An Israeli committee convened Wednesday to approve 2,800 new settler homes in the West Bank, a day after the Biden administration issued its strongest condemnation yet of Israeli settlement construction.
The Defense Ministry’s higher planning council, which authorizes West Bank construction, met to authorize the housing units, with more than half of them getting final approval before building starts. The start of the meeting was confirmed by the Israeli defense body COGAT.
Approval of the new construction is bound to raise friction with the United States and Europe, anger the Palestinians and test Israel’s fragile governing coalition, made up of ultra-nationalists, centrists and dovish parties that oppose settlements.
On Tuesday, the U.S. State Department said that it was “deeply concerned” about Israel’s plans to advance new settlement homes, including many deep inside the West Bank.
“We strongly oppose the expansion of settlements, which is completely inconsistent with efforts to lower tensions and to ensure calm and damages the prospects for a two-state solution,” State Department spokesman Ned Price told reporters in Washington.
The Palestinians seek the West Bank, along with the Gaza Strip and east Jerusalem — areas Israel captured in the 1967 Mideast war — for their future state.
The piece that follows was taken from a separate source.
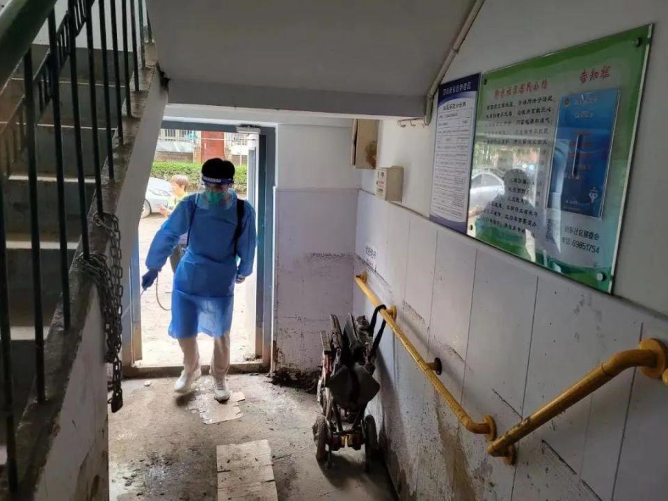 “益行志愿服務(wù)隊(duì)從8月4日17點(diǎn)下班后開始組織救災(zāi)工作,到凌晨24點(diǎn)充分準(zhǔn)備完畢??傆?jì)出動9輛汽車,志愿者們對社區(qū)內(nèi)的一樓單元門口、垃圾分類驛站、居民家里、黨群活動中心、居委會物資庫、社區(qū)花園內(nèi)和道路,開展清理淤泥和清洗路面工作?!睆垈惤榻B道。

The Palestinians view the settlements, which house some 700,000 Israelis, as the main obstacle to peace, and most of the international community considers them illegal.
Israel views the West Bank, home to more than 2.5 million Palestinians, as the biblical and historical heartland of the Jewish people.
The committee was also supposed to approve 1,600 housing units for Palestinians who live in areas of the West Bank that are under full Israeli control, outside the enclaves administered by a Palestinian autonomy government. Palestinians and rights groups say those homes are a small fraction of demand.
On Sunday, Israel announced construction tenders for 1,355 housing units in the West Bank, the first move of its kind since President Joe Biden assumed office pledging to take a harder line on the settlements. It also appeared to run contrary to the new Israeli coalition government’s own vows to reduce tensions with the Palestinians.
The move drew condemnation from the Palestinians, dovish members of Prime Minister Naftali Bennett’s diverse governing coalition, the EU and the U.S.